Re: restrict execution of remote address verification probes for canonical, local-only domain?

[PGNd]

On Fri, Jun 19, 2015, at 06:44 PM, Noel Jones wrote:
> You can control it with a check_recipient_access map in place of
> your blanket reject_unverified_recipient.

Ah.

My goal is:

        -- for {spam,ham}.1...@mail.dddd.com accept & pipe to FILTER 
'sa-spam'/'sa-ham', respectively
        -- reject all other msgs to * @mail.DDDD.com
        -- reject all other unverified recipients
        -- fwd/relay all verified recipients

Iiuc, then

        /main.cf
                ...
                smtpd_relay_restrictions =
+                 check_sender_access 
lmdb:/usr/local/etc/postfix/salearn_filter_map
                  permit_mynetworks
                  reject_unauth_destination
-                 reject_unverified_recipient
+                 check_recipient_access 
pcre:/usr/local/etc/postfix/recipient_access_map.pcre
                  check_policy_service unix:private/policyd-spf

        /salearn_filter
                spam.1234 FILTER sa-spam
                ham.1234  FILTER sa-ham

        /recipient_access_map.pcre
                /@mail\.DDDD\.com$/    reject_unlisted_recipient
                /./                    reject_unverified_recipient 

should do the trick. (?)


I'm generally using

                smtpd_relay_restrictions =

rather than

                smtpd_recipient_restrictions =

because I understand it to be an earlier, and not a problem in this usage.

Still ok here?


Docs at

        http://www.postfix.org/postconf.5.html#check_recipient_access

        check_recipient_access type:table
            Search the specified access(5) database for the resolved RCPT TO 
address, domain, parent domains, or localpart@, and execute the corresponding 
action. 
        ...

        smtpd_reject_unlisted_recipient (default: yes)
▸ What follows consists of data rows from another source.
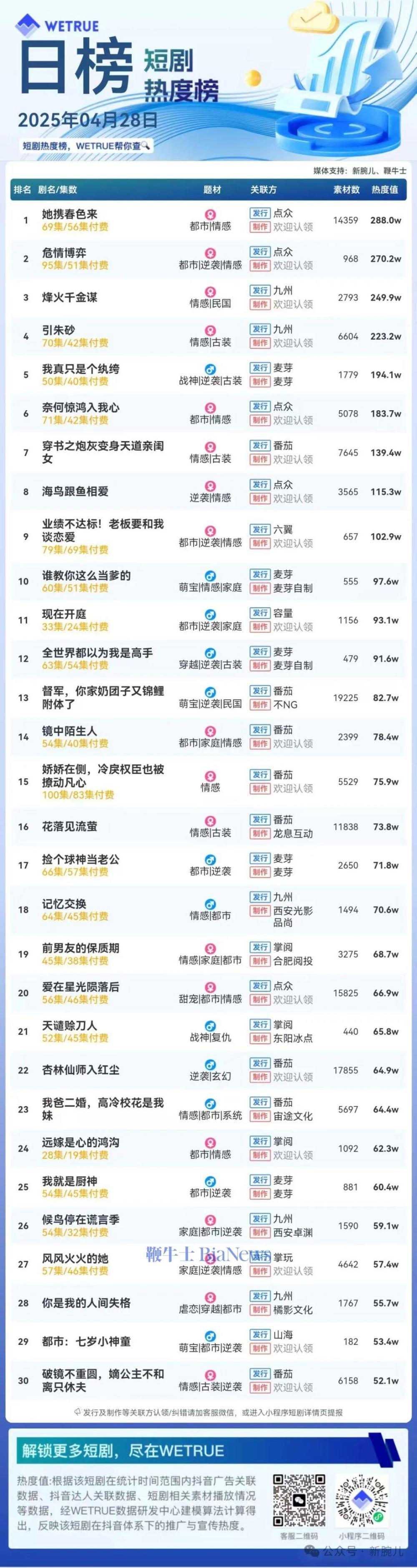 1、本日榜为WETRUE短剧数据公司提供,新腕儿和鞭牛士提供联合支持。
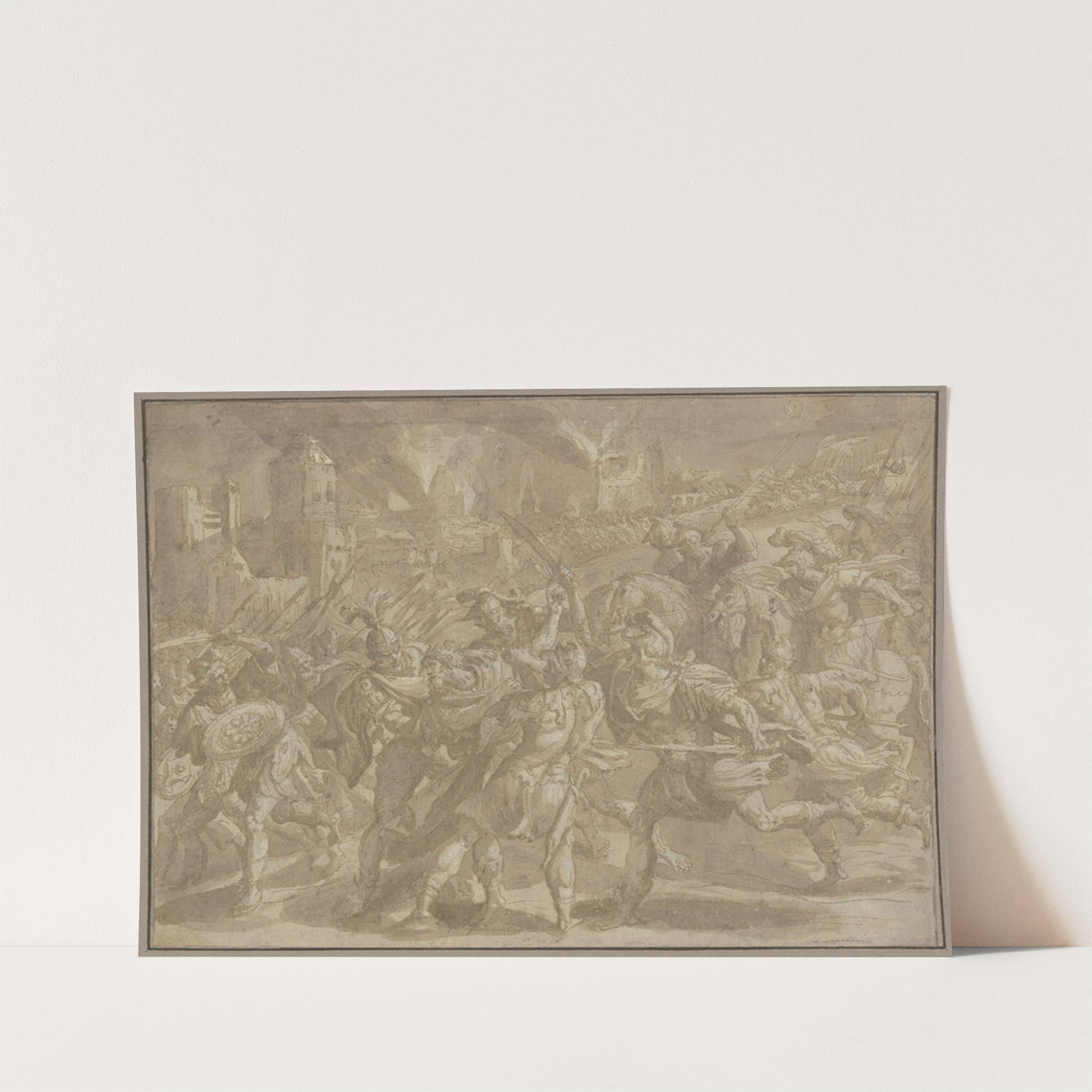 Nächtliches Schlachtgeschehen vor den Toren einer belagerten Stadt in Flammen by Maerten De Vos - Wall Art Print
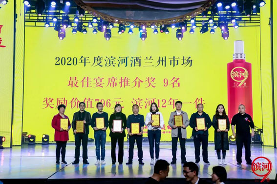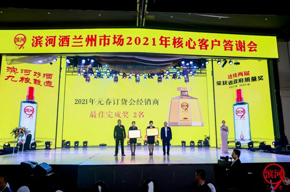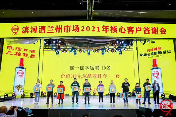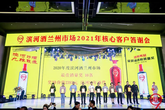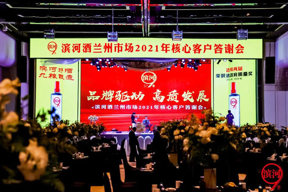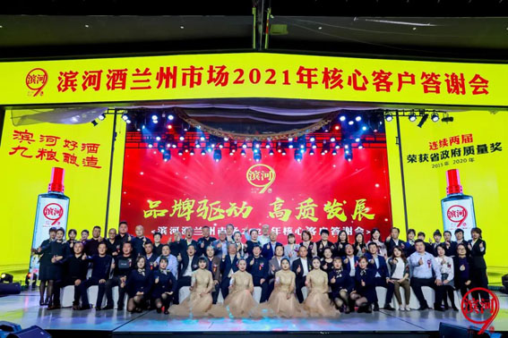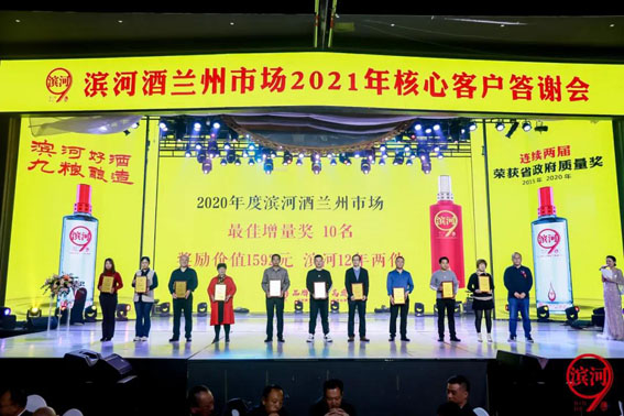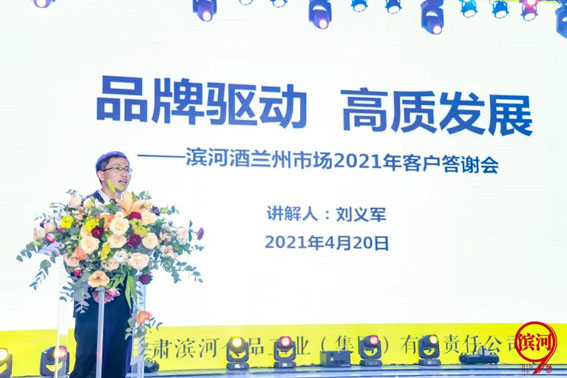 接着,甘肃滨河集团营销总监刘义军先生在答谢会上作了《滨河2020年工作成果和2021工作计划》汇报:首先,刘义军先生向来宾展示了滨河2020年各品牌的总体销售业绩,相比2019年,同比增幅超32%,并逐一分析了取得良好销量的原因,包括:四大基本盘的成功构建,高形象、高密度、高频次、全方位的品牌资源传播,以及品牌建设推广活动的持续放大。随后,分析了滨河连续两届获得甘肃省人民政府质量奖的原因,包括:”人至诚、酒至醇、业至远”顶层文化的牵引,对产品品质和品牌的高度重视,以及独特的九粮九轮酿造工艺的加持。希望在接下来的2021年,滨河继续保持高质量的增长态势,持续打造高价值的品牌、高品质的产品、高专业的服务和高质量的市场!
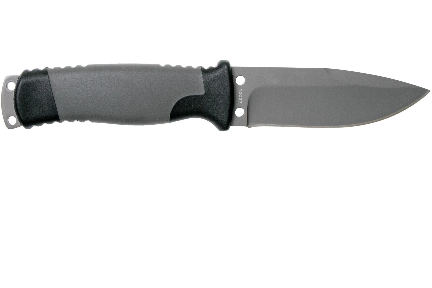 El Böker Plus Outdoorsman es un cuchillo fijo asequible para uso en exteriores. El mango de goma se siente muy bien en la mano y ofrece suficiente agarre. Debajo de una capa de goma se encuentra un núcleo de plástico sólido para una sensación de solidez. La hoja está hecha de acero Sandvik 12C27. Un tipo de acero inoxidable que conserva bien su afilado y además es fácil de afilar. En el extremo del mango sobresale una parte de la espiga de acero. Puedes utilizar esta parte como un martillo improvisado.
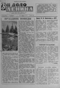 Пролетарии всех стран, соединяйтесь! № 56 (4 7 1 7 ) I 9 мая 1978 года Газета выходит три раза в Год издания 4 3 - й | ВТОРНИК неделю Цена 2 коп. Орган Северного райкома КПСС и районного Совета народных депутатов Новосибирской области П Р А З Д Н И К П О Б Е Д Ы Москва. У могилы Неизвестного солдата . Q мая с о в е т с к и й народ, его доблестные Во- * * о р уж е й н ы е Силы т о р ж ес тв е н н о отмечают 3 3 го д ов щ и н у Победы над ф ашистской Германи ей . Сего д н яш н и й п р а з д н и к — это п р а з д н и к и с т и н н о н ар о д ны й . Он отмечается во всех у г о л к а х нашей необъ ятной Родины. В е л и к а я Отечественная война пр о ти в фаш и с т с к и х з а х в а т ч и к о в была самой тяж ел о й и ж е с т о к о й из всех во й н , ко гда -либо п е р е ж и т ы х человечеством. Особенно суровы е и с п ы т а н и я вы п ал и на долю с о в е т с к и х людей. 2 2 и ю н я 1 9 4 1 года ф аш и с т с к а я арм и я , н ас ч и т ы в а ю щ а я в своем составе около 2 0 0 д и в и з и й , т ы с я ч и т а н к о в и самолетов, д е с я т ки т ы ся ч орудий и минометов, м нож е с тв о боевых корабл ей, вероломно напала на н аш у Родину. У п о ен ны е своими победами в Ев ропе, г и т л е ровц ы с ч и та л и , что они т а к ж е л е г к о о с ущ е с т в я т свои а гр е с с и в н ы е п л а ны и в о тн о ш е н и и Сов е т с к о го Союза. Однако в р а ги п р о с ч и т а л и с ь . На з а щ и т у сво его Отечества в п ервы е ж е дни в о й н ы по зову л е н и н с к о й па р т и и поднялся весь с о в е т с к и й н а род. О р ган и з у я разгр ом в р а га , п а р т и я исходила из л е н и н с к и х у к а з а н и й : « . . . Р а з дело дошло до в о й н ы , то все д олж но бы ть под чинено и н т е р е сам в о й н ы , вся в н у т р е н н я я ж и з н ь с т р а н ы долж н а быть подчинена войне, ни малейшее к о л е бание на этот счет н ед оп у с т и м о» . В невиданно ко р о т к о е время страна превра тилась в е д и ны й боевой ла герь , о х в а ч е нн ы й единым п о р ы в о м ,— разбить врага , и з г н а т ь его с родной земли. Наш народ н и к о г д а не забудет п о д в и ги г е роев Б ре с т с кой к р е п о с т и , м у ж е с т в е н н ы х з а щ и т н и к о в Л ени н гра д а и Одессы, Киева и Севастопо ля. Разгром ф аш и с т с к и х з а х в а т ч и к о в под Мос к в о й развеял миф о непобедимой г и т л е р о в с ко й армии. Это было первое к р у п н о е п о р а ж е ние немцев . Огромное военное значение имела победа н аш и х в о й с к под Сталингр адом. Она п о ложил а начало к о ре н н ом у перелому в ходе Ве л и к о й Отечественной в о й н ы . Осущ ествленны е в последующем смелые . и решительны е н а с т у п а т е л ь н ы е операции н а ш и х в о й с к под Л ени н гра д о м , на Правобережной У к раине, в Б ел оруссии , Молдавии и П р и ба л ти ке п ривел и к по лному освобождению со в е т с к ой земли. Фашизм был добит в своем логове и безоговорочно к а п и т у л и р о в а л . Определенный вк л ад в Победу внесли и т р у дящиеся Северного района . В в о й с ка и на ра боту в п р ом ы ш л ен н о с ть было направлено о к о ло шести т ы с я ч ч ел о в е к . Целыми семьями уходили северяне на фронт и ср а ж а л и с ь с беззаветной о тв а го й . Из деревни Ича у ш л и на Фронт п я т ь братьев Д ъ я ч у к о в , из Г р ажд анц ев о — четыре брата А г р ы з к о в ы х , из Потюнаново — четыре брата Ж а р и к о в ы х , из Ч у в а ш и н с к о г о сельсовета — п я т ь братьев А н д реевы х , из У р - г у л я — отец и два сы н а М а к а р о в ы х и еще более 5 0 семей н а п р а в и л и на з а щ и т у Родины от 3 до 5 ч ел ове к. Эти и д р у ги е люди я ви л ись к о с т я к о м в ф ормировании с и б и р с к и х до

            Request that the Postfix SMTP server rejects mail for unknown 
recipient addresses, even when no explicit reject_unlisted_recipient access 
restriction is specified. This prevents the Postfix queue from filling up with 
undeliverable MAILER-DAEMON messages.

            An address is always considered "known" when it matches a 
virtual(5) alias or a canonical(5) mapping.

Suggest that I need the spam.1234@ and ham.1234@ addresses _known_ in 
'canonical'.

@ http://www.postfix.org/canonical.5.html

        TABLE FORMAT
               The input format for the postmap(1) command is as follows:

               pattern address
                      When  pattern  matches  a mail address, replace it by the 
corre-
                      sponding address.

so

        /canonical
                spam.1...@mail.dddd.com   ?????
                ham.1...@mail.dddd.com    ?????

(1) is the approach above what you had in mind, and correct?
(2) what're the 'right side' entries in /canoncial in this use case?